The SDK has zero runtime dependencies. Node 18+ or any environment with a global `fetch`.

## Server-side: dispatch and wait

```ts theme={"dark"}
import { Runflow } from "@runflow-io/sdk";

const rf = new Runflow({ apiKey: process.env.RUNFLOW_API_KEY });

const dispatched = await rf.models.run("runflow/background-removal", {
  input: { image_url: "https://example.com/photo.jpg" },
});

const final = await rf.runs.wait(dispatched.id, {
  timeoutMs: 120_000,
  pollIntervalMs: 1500,
  onPoll: (run) => console.log(run.status_code),
});

console.log(final.output);
```

`rf.models.run(model, body)` dispatches and returns immediately with `{ id, status_code, ... }`. `rf.runs.wait(id)` polls until the run finishes and resolves with the final record. `onPoll` fires on each poll if you want progress updates.

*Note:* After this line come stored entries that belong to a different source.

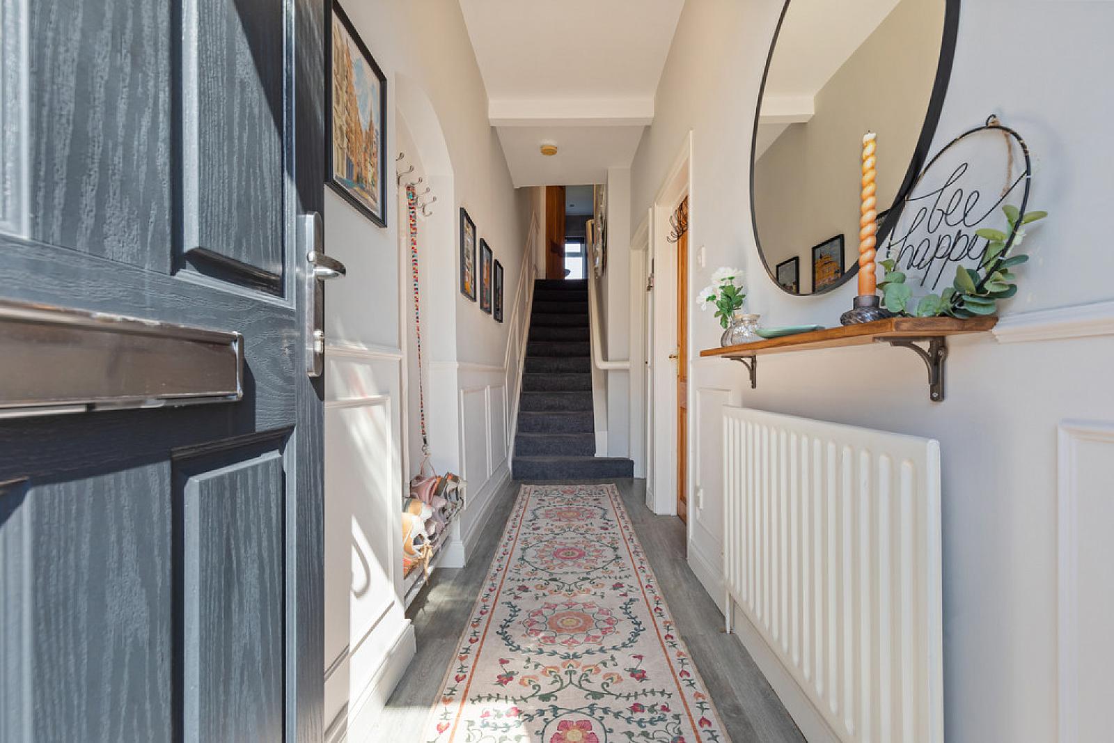 ENTRANCE HALL Composite front door with fan light, partially wood panelled walls.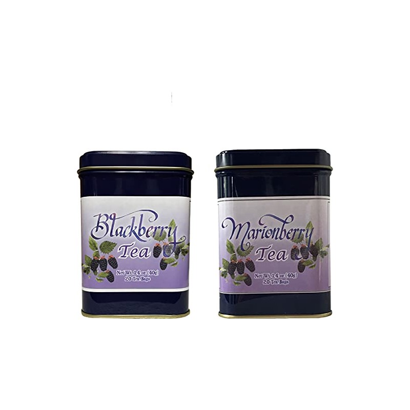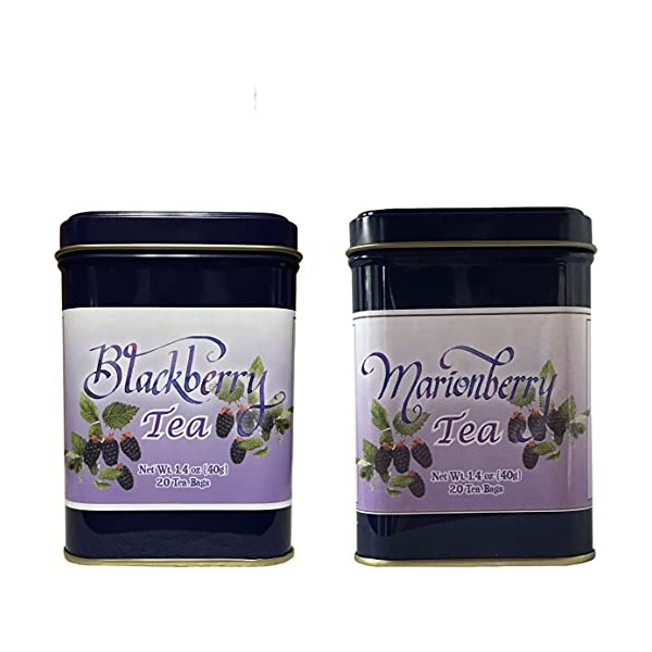 - 2 tins of Black Ceylon Tea with 2 different flavors - Wild Marionberry and Wild Blackberry Flavor, Each tin contains 20 tea bags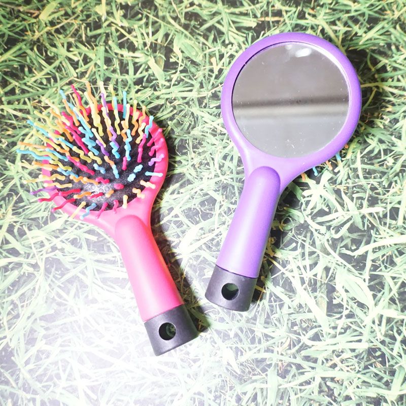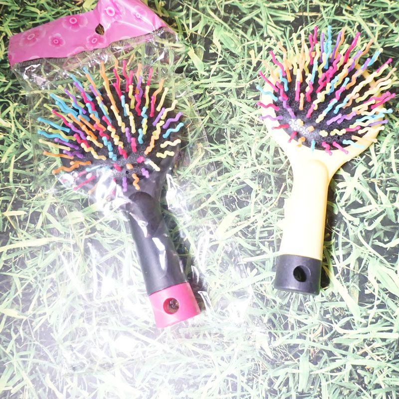 Sisir kaca dengan desain yang unik dan memiliki gigi yang berwarna warni berfungsi untuk merapikan tatanan rambut anda
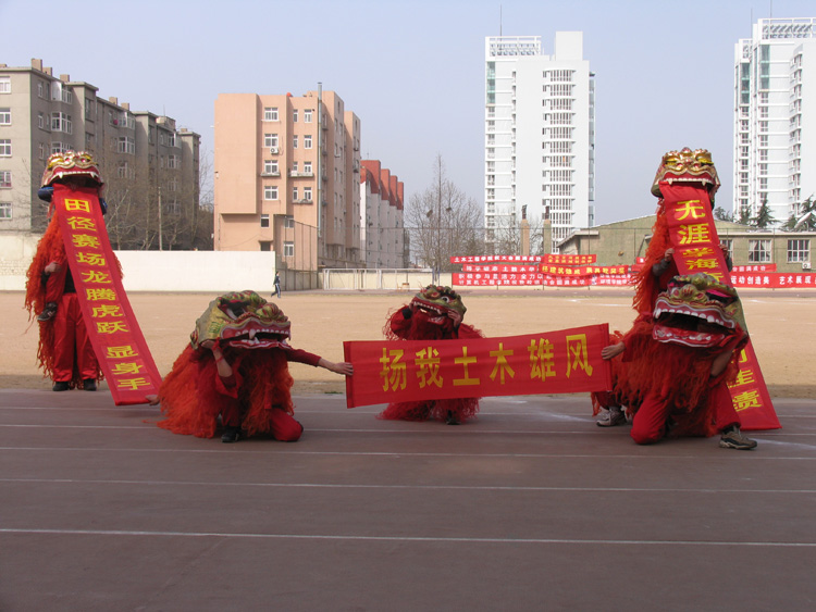 开幕式后,校幼儿园的小朋友以及土木学院的同学们进行了精彩的节目表演。场上此起彼伏的口号声、欢呼声,一浪高过一浪,把开幕式的热烈气氛推向了高潮。开幕式的圆满结束,拉开了春季运动会为期两天比赛的序幕。(杨延生)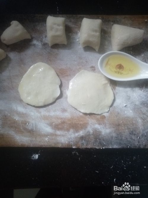用擀面杖将小面团压成薄薄小片,刷上油,重叠在一起,再用擀面杖推薄推大,越薄越好。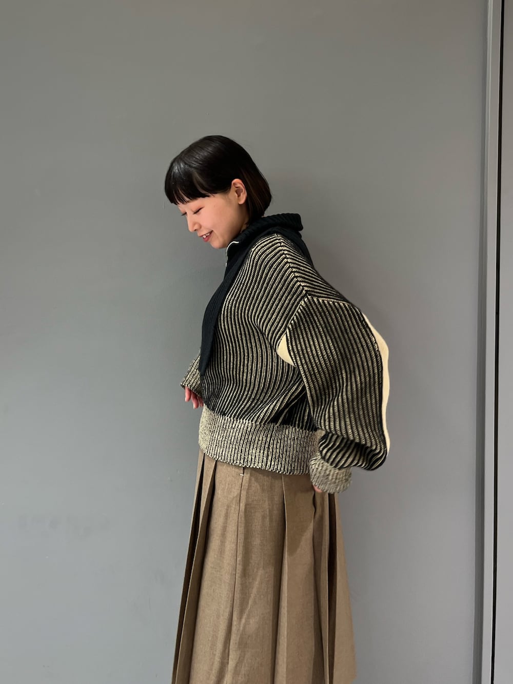 半分開けて襟風に着ても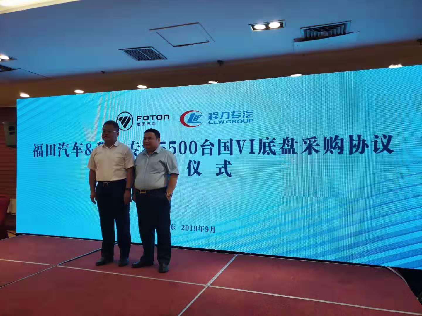 2019年9月6號.中國.山東諸城。福田汽車與程力專用汽車股份有限公司(程力專汽)戰略合作溝通交流會。福田汽車與程力專用汽車股份有限公司簽約5500臺國六汽車底盤…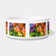 Violeta colorida, tulipas roxas, cor-de-rosa num leito de flores. Praticamente todas as cores do arco-íris estão presentes. Bela e positiva cena floral. Tigela para animais de estimação.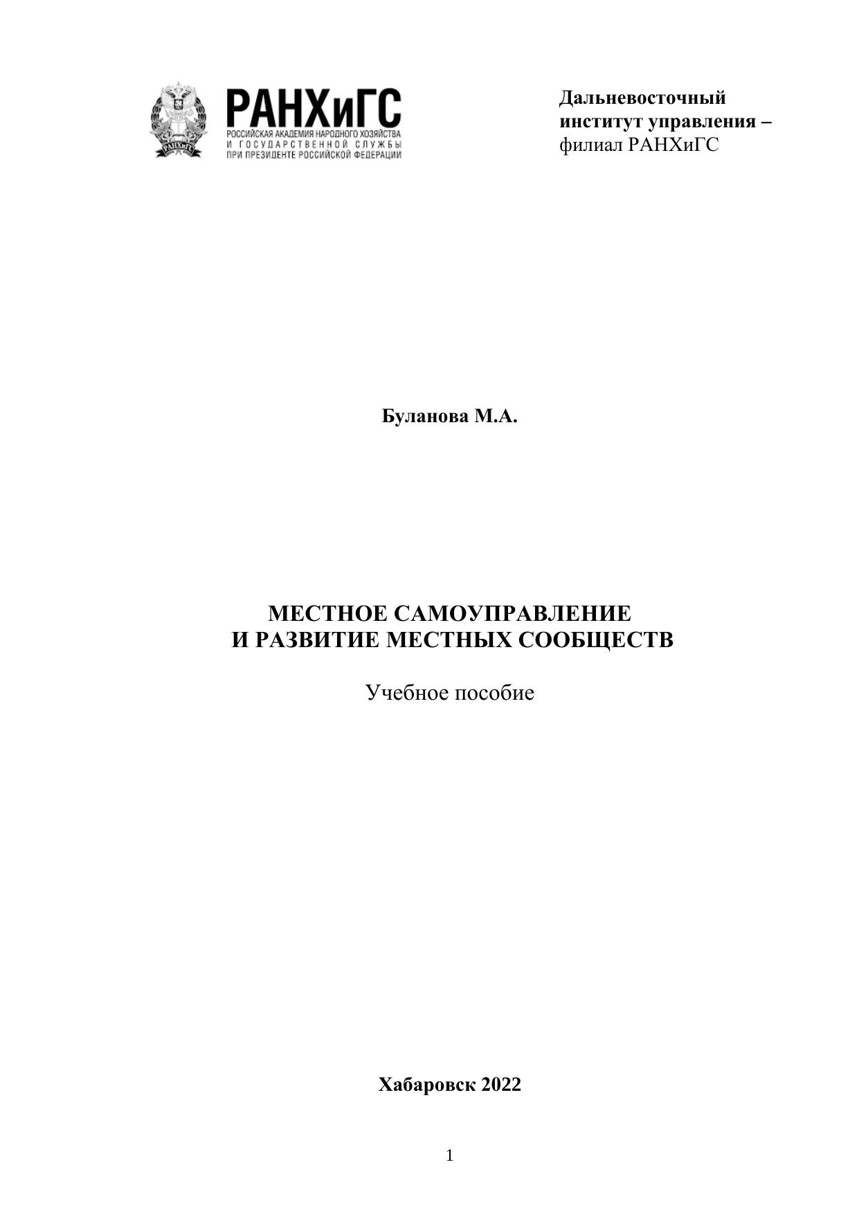 Учебное пособие даёт системное представление о взаимодействии органов местного самоуправления с населением, о современном состоянии и особенностях развития местного самоуправления и местных сообществ в Российской Федерации. Учебное пособие может быть рекомендовано обучающимся по направлению подготовки 38.03.04 «Государственное и муниципальное управление», магистрам по направлению 38.04.04 «Государственное и муниципальное управление», а также обучающимся, имеющим в своих учебных курсах дисциплины, касающиеся вопросов местного самоуправления, территориального общественного самоуправления, особенности развития местного сообщества.

Model ids are `owner/slug` (or `owner/slug/sub`). A bare slug like `"background-removal"` returns `HTTP 405` from the API directly and `HTTP 403 Not allowed` through the proxy. The SDK rejects empty model ids and any segment equal to `.` or `..` at the client with `code: invalid_model_id`, and URL-encodes every other segment, so it is safe to pass user or LLM-controlled model ids as long as you pair them with an `allowedModels` policy on the proxy.

Defaults for `runs.wait`: `timeoutMs: 180_000`, `pollIntervalMs: 2_000`. If the wait times out, the run is still going upstream; you can extend the deadline or use `rf.runs.get(err.runId)` to check status separately.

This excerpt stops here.